Why when using MIN function and selecting another column, we require GROUP BY clause? Doesn't MIN return single record?

Why when using MIN function and selecting another column, we require GROUP BY clause? Doesn't MIN return single record? - sql

I have two tables vehicles and dealership_vehicles. The dealership_vehicles table has a price column. The vehicles table has a column dealership_vehicle_id which relates to the dealership_vehicles id column in the dealership_vehicles table.
I wanted to return just the vehicle make of the cheapest car.
Why is it that the following query:
select
vehicles.make,
MIN(dealership_vehicles.price)
from
vehicles inner join dealership_vehicles
on vehicles.dealership_vehicle_id=dealership_vehicles.id;
Returns the error:
column "vehicles.make" must appear in the GROUP BY clause or be used in an aggregate function
Since MIN function returns a single value it is plausible that SQL query can be constructed that will return a single value without needing GROUP BY.
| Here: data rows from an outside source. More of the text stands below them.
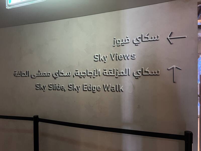 Sky Views is located on the 52nd and 53rd floor of the Address Sky View Hotel. It is accessible from the metro station, Burj Khalifa/Dubai Mall, very convenient. A panoramic glass elevator takes you up to 219,5 meters. There is also a nice restaurant (Sky 52), where you can watch the sliding daredevils pass by while drinking you coffee.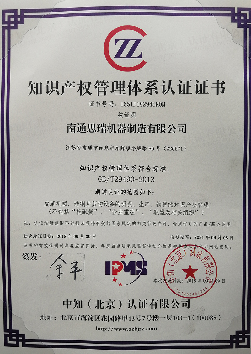 知識(shí)產(chǎn)權(quán)管理體系認(rèn)證證書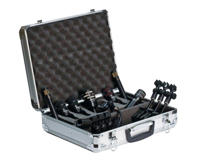 Included in the DP7 drum microphone package is the D6, Audix's flagship kick drum microphone, two – D2 dynamic drum microphones for rack toms, one D4 for floor tom, the i5 for snare and a pair of ADX51 studio condenser microphones for overhead miking. Also included are four D-Vice rim mount clips for the snare and tom microphones, and three heavy duty tension fit microphone clips for the other three microphones. Everything is conveniently packaged in a foam-lined aluminum road case for safe keeping when the microphones are not in use.

You say you want to know the make of the cheapest car. The easiest way to do this is
SELECT DISTINCT v.MAKE
FROM VEHICLE v
INNER JOIN DEALERSHIP_VEHICLES dv
ON v.DEALERSHIP_VEHICLE_ID = dv.ID
WHERE dv.PRICE = (SELECT MIN(PRICE) FROM DEALERSHIP_VEHICLES);
Note that because multiple vehicles might have the "cheapest" price it's entirely possible you'll get multiple returns from the above query.
Best of luck.
EDIT
Another way to do it is to take the minimum price, by make, then sort by the minimum price, and then just take the first row. Something like
SELECT *
FROM (SELECT v.MAKE, MIN(dv.PRICE)
FROM VEHICLE v
INNER JOIN DEALERSHIP_VEHICLES dv
ON v.DEALERSHIP_VEHICLE_ID = dv.ID
GROUP BY v.MAKE
ORDER BY MIN(dv.PRICE) ASC)
WHERE ROWNUM = 1;

Think of the term "GROUP BY" as "for each." It's saying "Give me the MIN of dealership_vehicles.price for each vehicles.make"
So you will need to change your query to:
select
vehicles.make,
MIN(dealership_vehicles.price)
from
vehicles inner join dealership_vehicles
on vehicles.dealership_vehicle_id=dealership_vehicles.id
Group by vehicles.make;

If you want the make of the cheapest car, then no aggregation is needed:
select v.make, dv.price
from vehicles v inner join
dealership_vehicles dv
on v.dealership_vehicle_id = dv.id
order by dv.price asc
fetch first one row only;
This gets a little more complicated if you want all rows in the case of ties:
select v.*
from (select v.make, dv.price, rank() over (order by price asc) as seqnum
from vehicles v inner join
dealership_vehicles dv
on v.dealership_vehicle_id = dv.id
) v
where seqnum = 1

So let's say after we join in the price we have the following table (i.e. stored in a #temp table):
#temp Vehicles table:
| Make | Model | Price |
|--------|-------|----------|
| Toyota | Yaris | 5000.00 |
| Toyota | Camry | 10000.00 |
| Ford | Focus | 7500.00 |
If you query it for minimum price without specifying what you're grouping by, then only one minimum function is applied across all of the rows. Example:
select min(Price) from #temp
will return you a single value of 5000.00
If you want to know the make of the cheapest car, you need to filter your results by the cheapest price - it's a two step process. First you find out the cheapest price using min, then in a separate query, you find out which cars are at that price. Once you construct your query correctly, you will notice that this reveals what you might not have though of - you can actually have more than one cheapest make.
Example table:
#temp Vehicles table v2:
| Make | Model | Price |
|--------|--------|----------|
| Toyota | Yaris | 5000.00 |
| Toyota | Camry | 10000.00 |
| Ford | Focus | 7500.00 |
| Ford | Escort | 5000.00 |
query:
select * from #temp
where Price = (select min(Price) from #temp)
result:
| Make | Model | Price |
|--------|--------|----------|
| Toyota | Yaris | 5000.00 |
| Ford | Escort | 5000.00 |

Related

SQL MIN() with GROUP BY select additional columns

I am trying to query a sql database table for the minimum price for products. I also want to grab an additional column with the value of the row with the minimum price. My data looks something like this.
ProductId | Price | Location
1 | 50 | florida
1 | 55 | texas
1 | 53 | california
2 | 65 | florida
2 | 64 | texas
2 | 60 | new york
I can query the minimum price for a product with this query
select ProductId, Min(Price)
from Table
group by ProductId
What I want to do is also include the Location where the Min price is being queried from in the above query. Is there a standard way to achieve this?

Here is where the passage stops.